急速的に注目を集めているリンダIII世をプロデュースするのは、B-Pop代表の小柴千恵子氏。地元・太田市出身の小柴氏は、かつてレコード会社に勤務の後、大手プロダクションで多数のアーティスト・役者のマネージメントを経て独立。これまでに若手俳優やブラジル人モデルを擁する芸能プロダクションの経営やフリー・マネージャーとしての実績を持つ。
「3年ぐらい前から“多目的ブラジリアン・ガールズ・ユニット”的な集団は作りたいと思っていました。ただ、その頃は特にアイドルということは意識していませんでしたが」(小柴)
一度、ブラジル人によるガールズ・ユニットを結成しようと試みて断念したこともあるという。リンダIII世は、新たに名乗り出てくれた現レーベルとの連携から生まれた。彼女が経営するプロダクションにモデルとして在籍していた、サユリ・シオリ姉妹とナオミに加え、オーディションでムツミとサクラが選ばれ、現在のメンバーが揃った。
「私とシオリとムツミは、リンダIII世が結成される前から、プライベートでも外でダンスを踊ったり、歌ったりして遊んでたんです。3人で一緒にアイドルに憧れていました」(サユリ)
「昔から踊るのも大好きだったので、実際にデビューが決まった時は嬉しかった」(サクラ)
「ムツミは、涙を流して喜んでたよね」(シオリ)
オリジナル曲として用意された「未来世紀eZ zoo」と「愛犬アンソニー」は、ともに作詞・只野菜摘、作編曲はtomisiro(掛川陽介・本澤尚之)が手がけた。この作家陣のセレクトには、小柴氏のレコード会社勤務時代のコネクションが活きた。
「只野さんは、実は私がレコードメーカーにいた時の同僚なんです。その後も『プリキュア5』のお仕事で再会し、その時のインパクトある歌詞に魅せられて、リンダIII世で曲を作る時は、作詞は必ず只野菜摘さんにお願いしようと決めていました」(小柴)
「最初、リンダIII世というグループを知った時、“小柴、またおもしろいことを”って思いました(笑)。

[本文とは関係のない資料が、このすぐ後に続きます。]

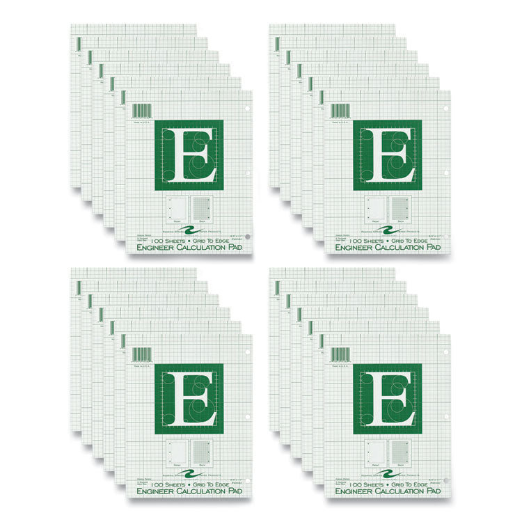 Engineer Pad, (1.25" Margin), Quad Rule (5 sq/in, 1 sq/in), 100 Light Green 8.5 x 11 Sheets/Pad, 24/Carton

〈未来世紀 eZ zoo〉を作詞するにあたっては、そこはどんなところなのか? ということで“混沌と平和”を意識しました。歌詞の中には、日本語とポルトガル語と英語を使っていますが、境界線のない世界なので、もしも〈eZ zoo 2〉があったなら、もっとたくさんの言葉を盛り込みたいですね」(只野)
「tomisiroの本澤さんとはスタジオで知りあって、そこからの私にとってのスタートなんです。楽曲 のテーマは、J-POPでもK-POPでもなく、B-POP。ブラジルの象徴であるサンバのリズムと、単調なダンス・ナンバーを融合したいと思ってオファーしました」(小柴)
「新しい風、来たなーと。(間奏にサンバ・パートが入るアイディアは)曲を作る前に、“そんな風になったりするのもいいよね”とアイディアもらってたんですけど、結果、自然とそうなりました」(本澤)
「(リンダIII世は)歌の中に、必ずサンバを入れてるんです。サンバは昔からやってるわけじゃないけど、ブラジルに帰った時は、おばさんやいとこが踊ってるから、それで一緒に踊ってます」(ムツミ)
7月24日にセカンドDVDシングルとしてリリースが決まっている「愛犬アンソニー」は、「未来世紀 eZ zoo」の先鋭的なサウンドとはガラリと趣を変えて、メンバー5人の可愛らしさを前面に打ち出した曲になっている。
「少し可愛くて、少しカッコいい曲ですね」(ムツミ)
「学校や同級生、家族や愛犬……子供らしい歌にしたいと思いました」(只野)
デビュー以来、地元メディアのみならず、全国紙をはじめとする大手メディアにも記事が掲載されるなど、瞬時にして大きな反響を集めたリンダIII世。小柴氏は、デビューからの1ヵ月半ほどを振り返って、どんな印象を持ったのか? 「リンダIII世がこのメンバー構成でイケる! とは、実は今でも思っていないんです。まだまだ発展途上のメンバーなので、むしろそこがイケているのでしょうか。おかげさまで思った以上の反響をいただいていますが、話題性やヴィジュアルが良いだけでなく、人々に語られるアイドルでなければならないと実感しています」(小柴)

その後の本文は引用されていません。